Under Rule 801(d)(2), "[s]tatements made by an attorney concerning a matter within his employment may be admissible against the party retaining the attorney." United States v. Margiotta, 662 F.2d 131, 142-43 (2d Cir. 1981); see also Purgess v. Sharrock, 33 F.3d 134, 143-44 (2d Cir. 1994) (holding that statement made by defense counsel was admissible under Rule 801(d)(2)); United States v. Sanders, 979 F.2d 87, 92 (7th Cir. 1992) (same); Hanson v. Waller, 888 F.2d 806, 814 (11th Cir. 1989) (same). Here, the alleged statement was from a Farmer Bros. attorney concerning Farmer Bros.' hiring practices. The alleged statement appears to have been within the attorney's scope of employment. Neither Runden nor Henshaw, however, identified the lawyer by name. "While it is not essential that the employee's name be ascertained before his statement is admitted against his employer, the employer should be given information reasonably definite for identification both in order that his authority may be tested and that his hearsay statement, if introduced, may be rebutted." Northern Oil Co. v. Socony Mobil Oil Co., 347 F.2d 81, 85 (2d Cir. 1965). Although the name of the lawyer was not produced, the employee who allegedly heard the statement (Henshaw) testified at trial. However, Henshaw denied making the alleged statement to Runden. In addition, Henshaw and Carson denied discussing any employment-related decisions with an attorney. The credibility of this testimony was a determination for the jury. Farmer Bros. was provided sufficient information to identify the lawyer responsible for the alleged statement, but it chose to deny that such statements were made. Because both of the alleged out-of-court statements were party admissions, Runden's testimony was nonhearsay. The district court did not abuse its discretion in admitting this evidence.

Testimony by Farmer Bros. employees and customers

Next, Farmer Bros. argues that the district court erred by allowing current and former Farmer Bros. employees and customers to testify about Fester's job performance and their belief of the appropriate level of discipline. This testimony was relevant because "evidence indicating that an employer misjudged an employee's performance or qualifications is, of course, relevant to the question whether its stated reason is a pretext masking prohibited discrimination." Tyler, 232 F.3d at 814 (internal quotations omitted). Moreover, any error was harmless because the judge instructed the jury as follows: "You should not find that the decision is unlawful just because you may disagree with the Defendant's stated reasons or because you believe the decision was harsh or unreasonable, as long as the Defendant would have reached the same decision regardless of the Plaintiff's age." App. Vol. 17 at 3775. The judge properly instructed the jury and this court must assume the jury followed these explicit instructions. Spulak, 894 F.2d at 1157.

Cumulative effect of errors

Farmer Bros. argues that the cumulative effect of the district court's errors warrants a new trial on Fester's ADEA claim. However, as discussed, none of the issues raised by Farmer Bros. warrant a new trial.

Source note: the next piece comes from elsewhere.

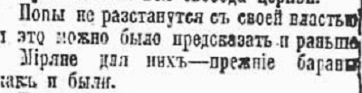Заметка из "Красной газеты" от 13 апреля 1918 года, что при Советской власти мирянам СВОБОДНО нельзя выбрать себе честного, истинно-верующего в Бога священника. В Московской патриархии (МП), созданной Сталиным и чекистами в 1943 году, это стало трагической безысходностью, верховодят христопродавцы-сергиане.
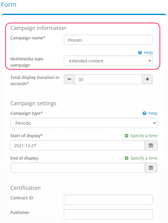 This name will be displayed on the list of campaigns, on the screen page, in the broadcast statistics, etc.

Nor does the "cumulative effect" of those alleged errors change this result.

Because the verdict was not "clearly, decidedly, or overwhelmingly against the weight of the evidence," Woolard, 210 F.3d at 1168, the district court did not abuse its discretion in denying Farmer Bros.' motion for new trial.

AFFIRMED.

Entered for the Court

Mary Beck Briscoe

Circuit Judge


FOOTNOTES
Click footnote number to return to corresponding location in the text.

*.This order and judgment is not binding precedent, except under the doctrines of law of the case, res judicata, and collateral estoppel. The court generally disfavors the citation of orders and judgments; nevertheless, an order and judgment may be cited under the terms and conditions of 10th Cir. R. 36.3.